START Information shown

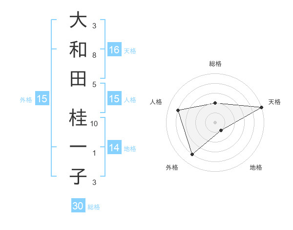 大和田 桂一子さんを姓名の画数から五運を鑑定
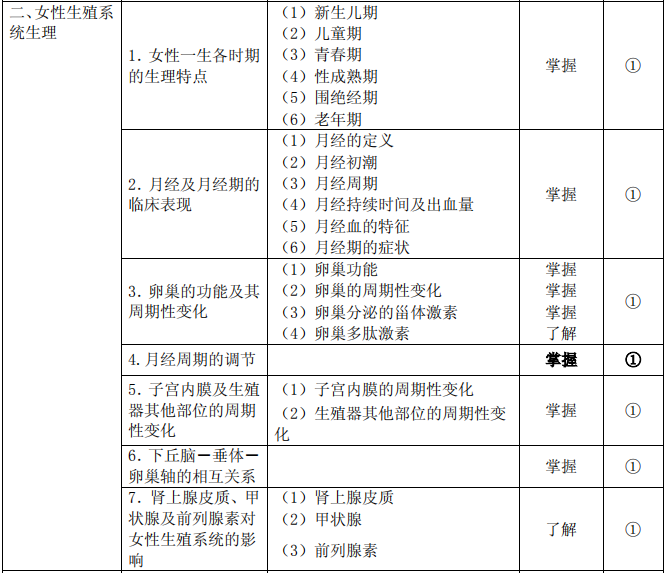 | 3.內生殖器 | 內生殖器及其功能 | 掌握 | ① | |
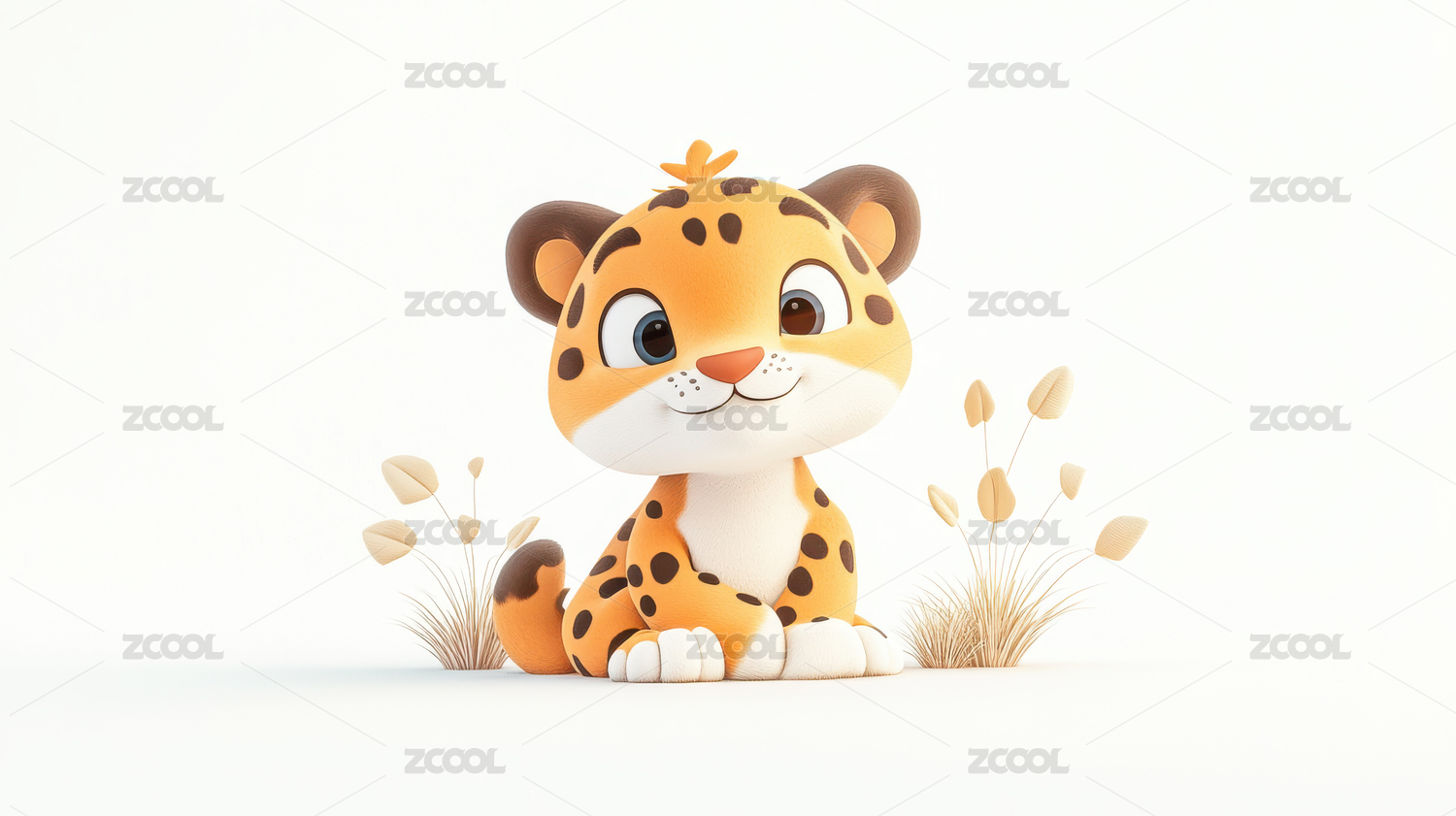 猎豹花豹可爱唯美野生动物3D卡通插画壁纸

END Information shown

:: Prompt ::
Reproduce the material in full, word for word, and omit the pictures.

:: Your solution ::
 大和田 桂一子さんを姓名の画数から五運を鑑定
 | 3.內生殖器 | 內生殖器及其功能 | 掌握 | ① | |
 猎豹花豹可爱唯美野生动物3D卡通插画壁纸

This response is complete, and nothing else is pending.